Sunday, October 20, 2013

Hezekiah and Us

Then Isaiah said to Hezekiah, "Hear the word of the Lord:  Behold, the days are coming, when all that is in your house, and that which your fathers have stored up till this day, shall be carried to Babylon.  Nothing shall be left, says the Lord.  And some of your own sons, who shall be born to you, shall be taken away, and they shall be eunuchs in the palace of the king of Babylon."  Then Hezekiah said to Isaiah, "The word of the Lord that you have spoken is good."  For he thought, "Why not, if there will be peace and security in my days?"  

Hezekiah was actually one of the good kings in Israel's history.  He walked in the footsteps of his father David.  (Father, as in his ancestor.)  But like David, we still see weaknesses.

Hezekiah had just gotten through showing off his wealth to an envoy from Babylon.  He did not spare showing them anything.  He was showing off.  And pride goes before a fall...

But the fall, in this case, was prophesied to happen years later to his house, his descendants.  The exile into Babylon is here prophesied.  This is surely not good news to receive.  How does he take it?

He seems to take it far too well.  Hezekiah is happy just to realize that it is not going to happen to him.  He breathes a sigh of relief to know that he isn't going to feel the consequences of his pride.  His descendants are out of sight, out of mind.

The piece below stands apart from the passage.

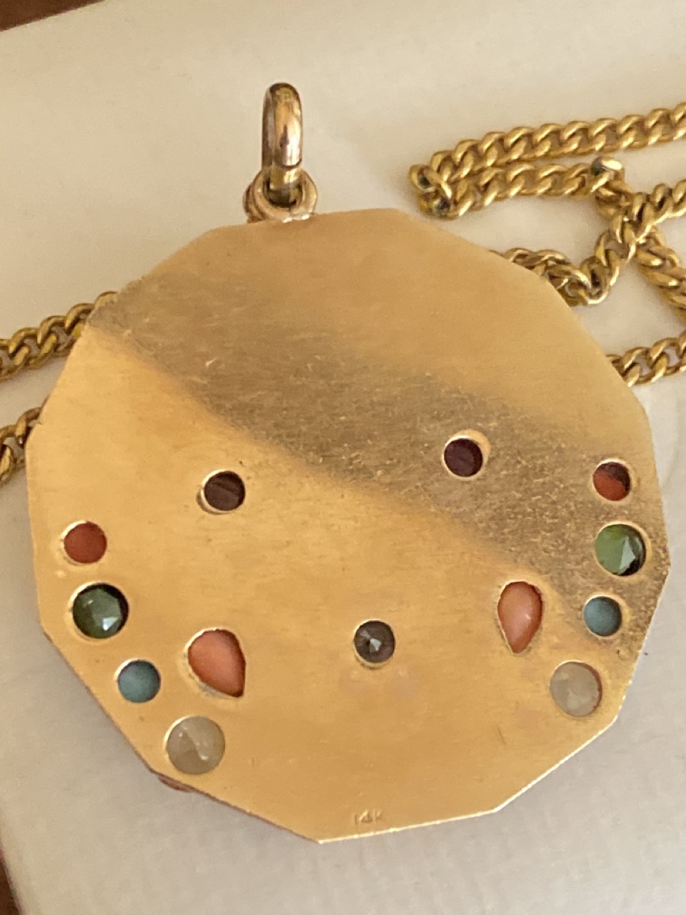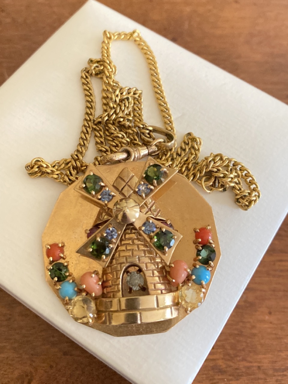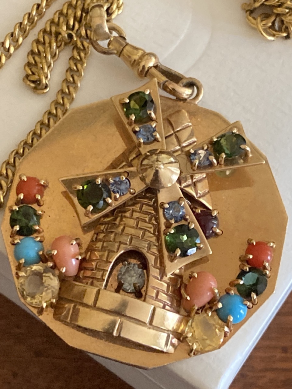 14k y.g. gemstone charm pendant with windmill. 1 1.2" diameter. Chain not marked or tested. Pendant stamped 14k.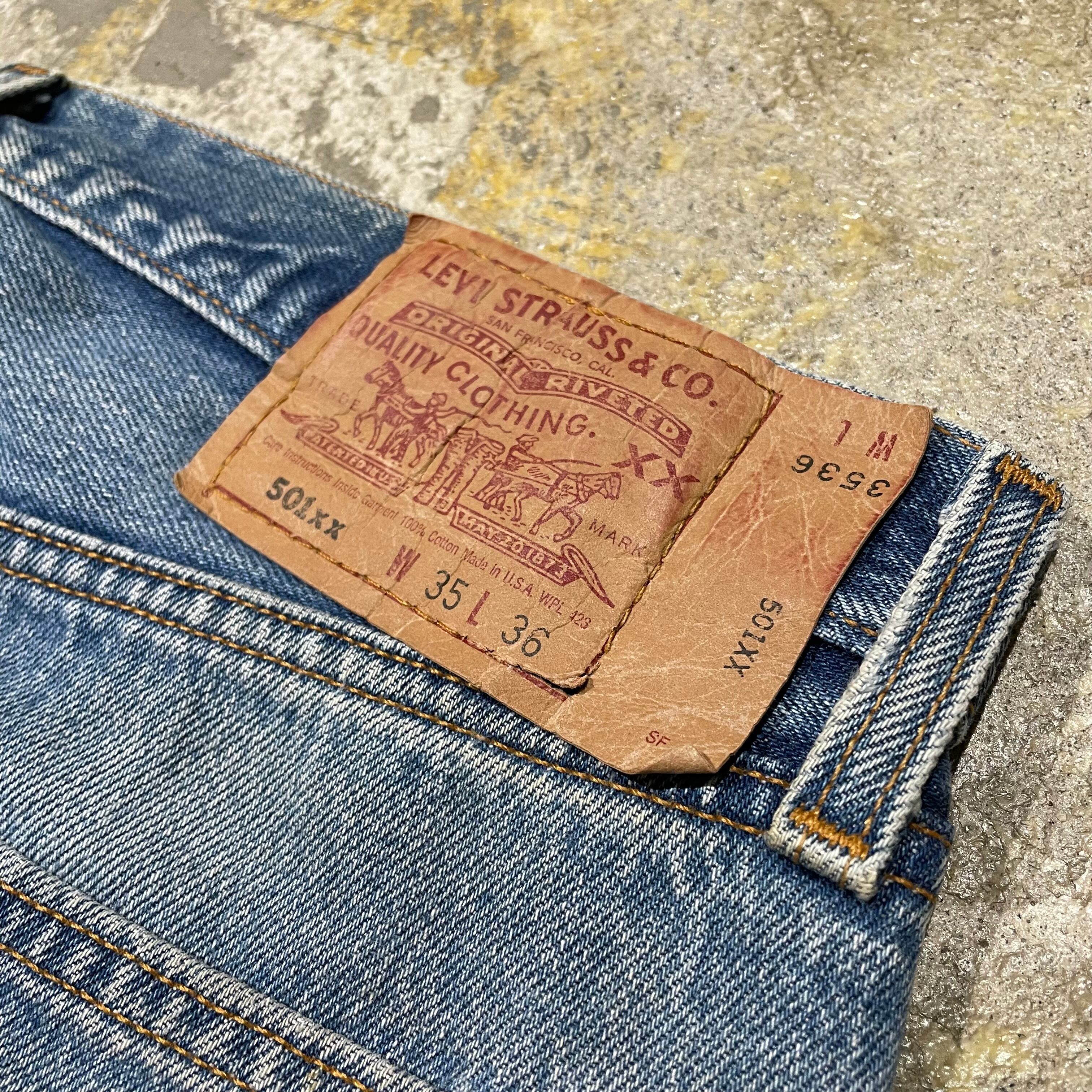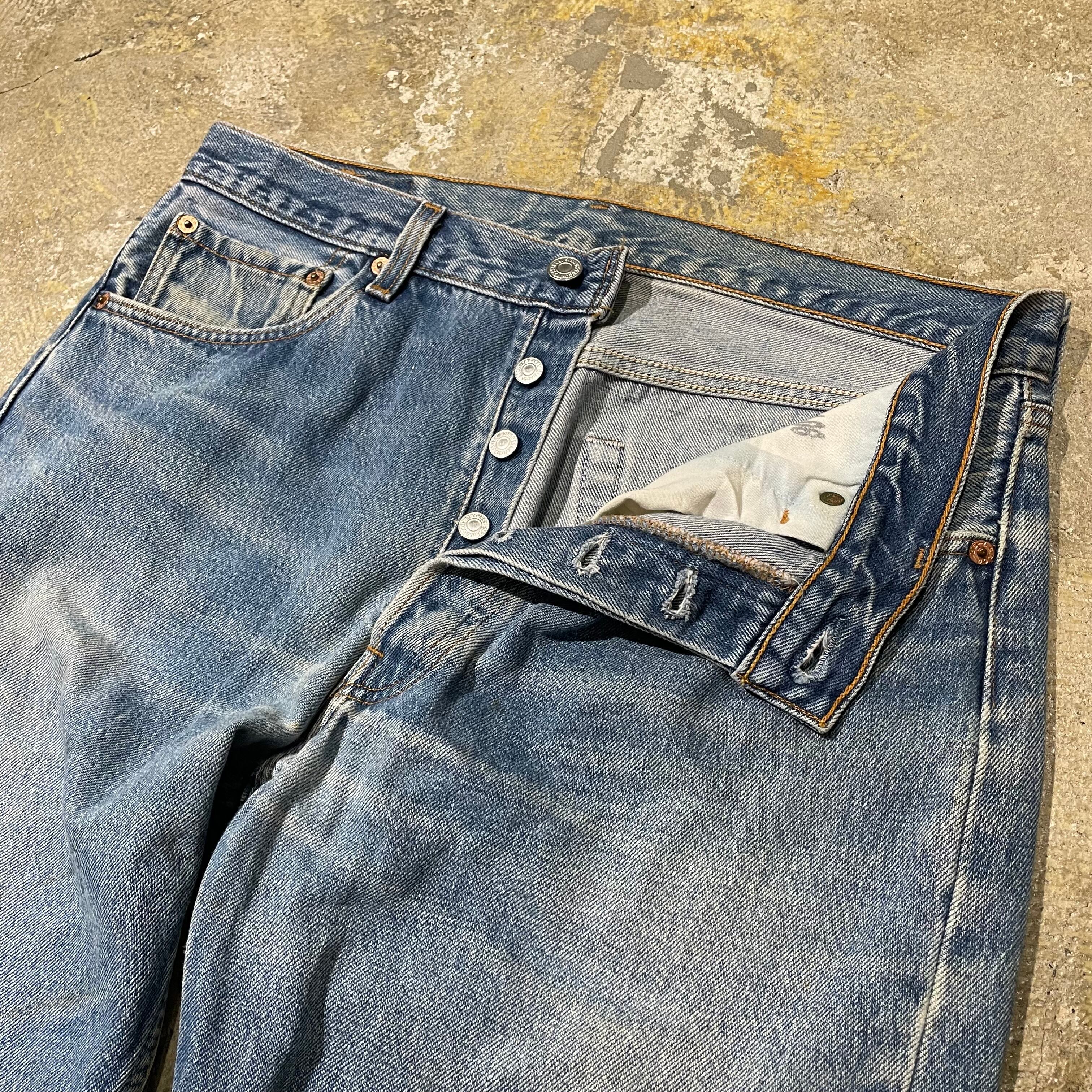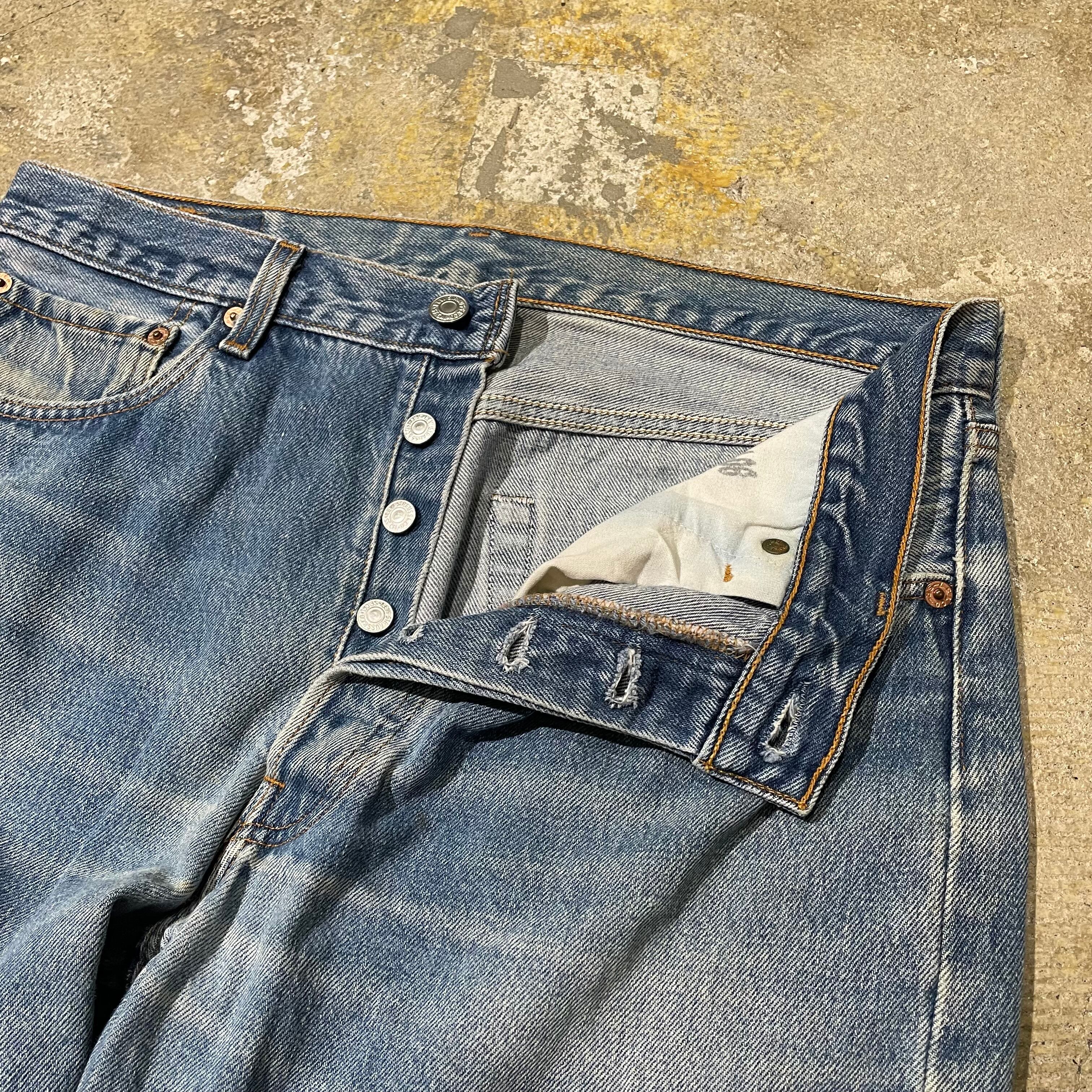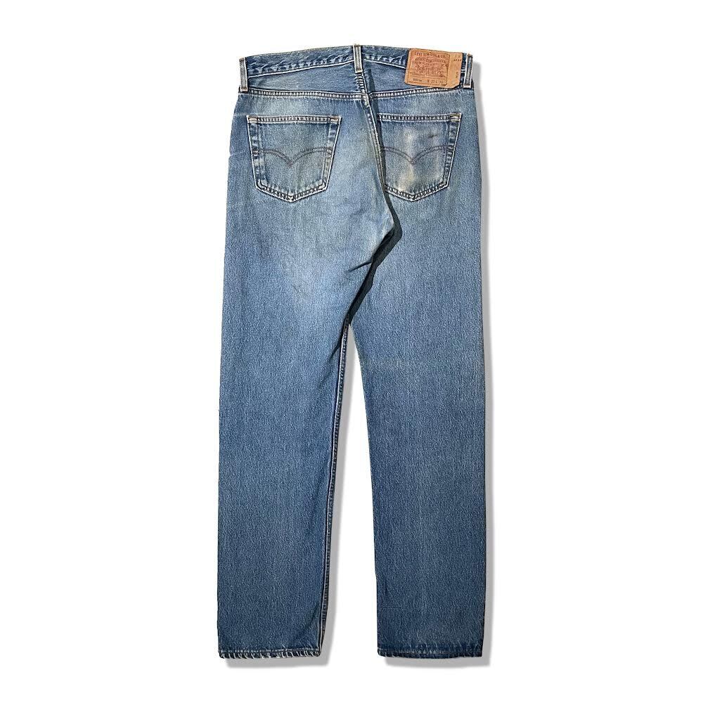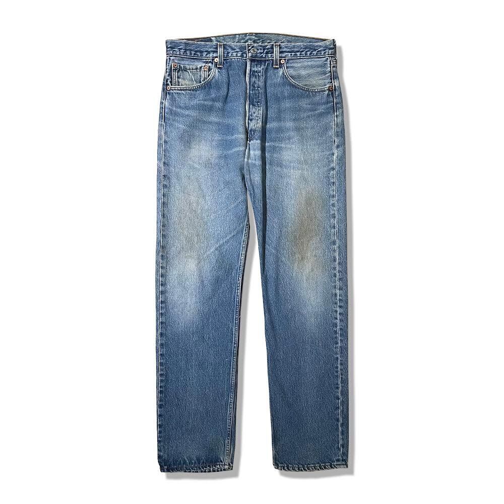 90年代Levis 501xxモデル。良く90年代は色落ちがのっぺりすると言われていますが、モノによってはしっかりとヒゲ、色の濃淡、コントラストしっかり出ています。こちらは日焼け感もよく雰囲気良い1着になってます。レングス表記はL36ですが、裾上げされており、L32(股下83cm)程。ワイド目に履きたい人にはおすすめなアイテムです。年々上がり続けている90s 501をこの機会にぜひ。

I don't follow politics too closely.  But it seems to me that in America we had a boom, we have had a lot of wealth, a lot of pride.  We have flaunted it.  And pride goes before a fall...

But maybe we could take the time to think about future generations.  What sacrifices and what discipline are in order in the present to hand future generations a better America?

And what about the Great Commission?  Many do not know the Gospel.  How could they know without hearing it?  These people become far too easily out-of-sight, out-of-mind for us.  But our love should be for these peoples, not for our own skin or our own comfort.

Jesus bore the curse of the sin of hundreds of generations who were not even born yet, including ours... He thought of those future generations as he shouldered the cross in all that it meant.  For this we should be thankful.

I thought this was just an interesting story from a part of the Bible I don't read very often, 2 Kings 20.